Eric McKissack
About Eric T. McKissack
Eric T. McKissack, 71, has served on Farmer Mac’s Board since February 23, 2021. He is vice chair of the Finance Committee and a member of the Audit Committee and Corporate Governance Committee. McKissack is founder and former CEO of Channing Capital Management (retired in December 2019 after 16 years). He previously was Vice Chair and Co‑Chief Investment Officer at Ariel Capital Management (Ariel Investments) and spent five years as a research analyst at First Chicago/First Chicago Investment Advisors. He holds an SB in Management from MIT, an MBA from UC Berkeley, and is a CFA charterholder .
Past Roles
| Organization | Role | Tenure | Committees/Impact |
|---|---|---|---|
| Channing Capital Management, LLC | Founder & CEO | Retired Dec 2019 after 16 years | Led institutional investment advisory firm |
| Ariel Capital Management (Ariel Investments) | Vice Chair & Co‑Chief Investment Officer | Before founding Channing (pre‑2019) | Senior investment leadership |
| First Chicago & First Chicago Investment Advisors | Research Analyst | 5 years prior to 1986 | Equity research and analysis |
External Roles
| Organization | Role | Tenure | Committees/Impact |
|---|---|---|---|
| FlexShares ETF funds (Northern Trust) | Chair of the Board | Current | Serves on audit and governance committees |
| Morgan Stanley Pathway Funds | Independent Trustee; Vice Chair | Current | Board oversight |
| McKissack & McKissack of Washington (privately held) | Director | Current | Engineering/design firm oversight |
| McKissack & McKissack Midwest (privately held) | Director | Current | Engineering/design firm oversight |
Board Governance
- Committee assignments: Finance (Vice Chair), Audit (Member), Corporate Governance (Member) .

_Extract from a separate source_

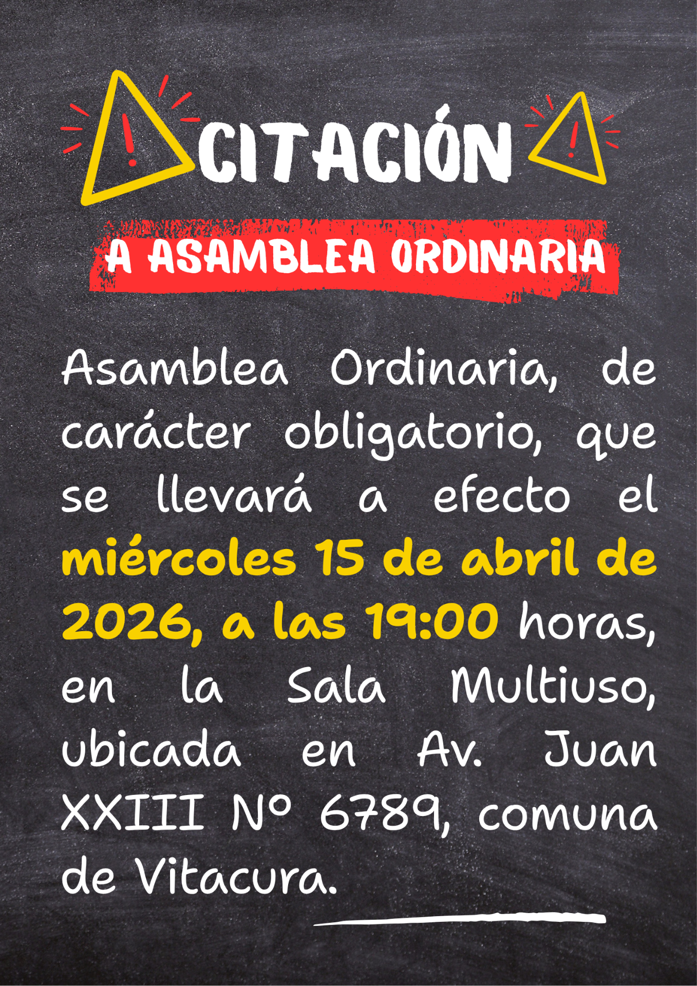 De conformidad con lo dispuesto en la Ley N° 19.418 sobre Juntas de Vecinos y demás Organizaciones Comunitarias, en particular en su artículo 10, letra E, se cita a todos los socios y socias de la Junta de Vecinos A5 "Jardines del Manquehue – Las Encinas" a participar en la Asamblea Ordinaria, de carácter obligatorio, que se llevará a efecto el miércoles 15 de abril de 2026, a las 19:00 horas, en la Sala Multiuso, ubicada en Av. Juan XXIII N° 6789, comuna de Vitacura.

- Independence: The Board affirmatively determined McKissack is “independent” under Farmer Mac’s guidelines and NYSE/SEC standards .
- Attendance: The Board held nine meetings in 2024; each director attended 75%+ of Board and committee meetings; all directors attended the 2024 annual meeting .
- Audit Committee composition includes McKissack; chair is Charles A. Stones; oversight of PwC independence, audit scope, and internal controls .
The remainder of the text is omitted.